What to do?  Well, you could of course make more meatballs, portioning out the other ingredients accordingly.  You could make turkey burgers, or use the meat to make tacos or in a soup, but I liked the idea of making my own breakfast sausage ever since I saw an episode of 30 Minute Meals where Rachael Ray made her own sausage patties.  Good turkey sausage is hard to come by in the store, so why not?

I started searching and found this maple breakfast sausage recipe, and enjoyed it a lot.  It was easy to throw together, and there's something pretty wonderful about the combination of meat and maple syrup, plus the sugars in the syrup caramelize nicely to give the sausage a nice look.  I would definitely make this again, and want to try other recipes.

I tweaked the original recipe, since it calls for "grill seasoning," which is a combination of salt, pepper, onion flakes, and garlic (I think).  I didn't have that so I just sort of mixed up my own, not entirely sure of the ratios.  I also didn't finish the sausage off in the oven, though I'm sure it's a great idea.  You can click on the recipe title to be taken to the original recipe.

Maple Turkey Breakfast Sausage
adapted from Rachael Ray
makes 4 patties

1/2 pound ground turkey
1 tablespoons maple syrup
1/2 tsp. salt
1/4 tsp pepper
1/4 tsp. onion flakes/powder
1/8 tsp. garlic powder
1/2 tablespoon extra virgin olive oil (EVOO)

In a medium bowl, combine the ground turkey, maple syrup and spices.
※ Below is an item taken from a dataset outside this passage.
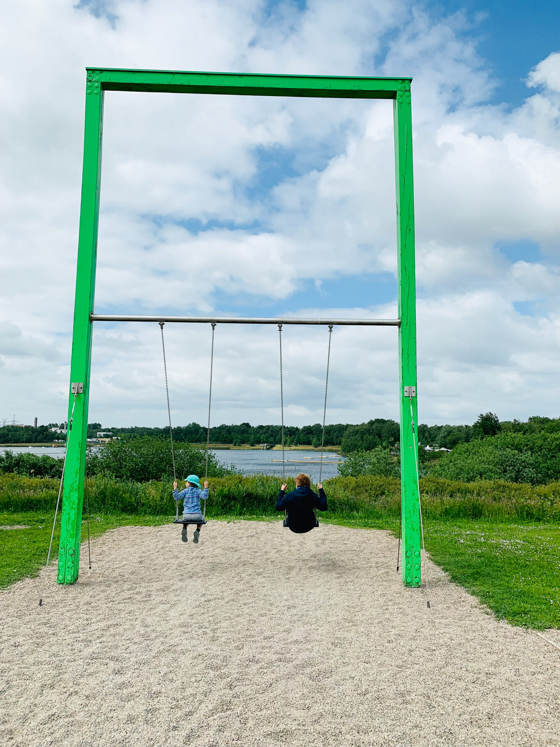 Geht ihr den Weg weiter, kommt ihr nach wenigen Minuten zu den Riesenschaukeln mit Blick auf den Wakeboard Park, dann zu einer großen grünen Wiese und dem Strandbad.

Work the meat to combine all the ingredients, then form patties 2-3 inches in diameter.

Place a large skillet over medium-high heat with the EVOO. Brown the patties in the skillet for 3-4 minutes on each side, or until cooked through.


  • Just like with hamburgers, you will want to indent the middle so that you don't get a domed effect as the patties cook
  • All burners and stoves are not created equal.  My pan works best when it's slightly shy of medium-high, but definitely past medium, so you may need to adjust your heat up or down accordingly.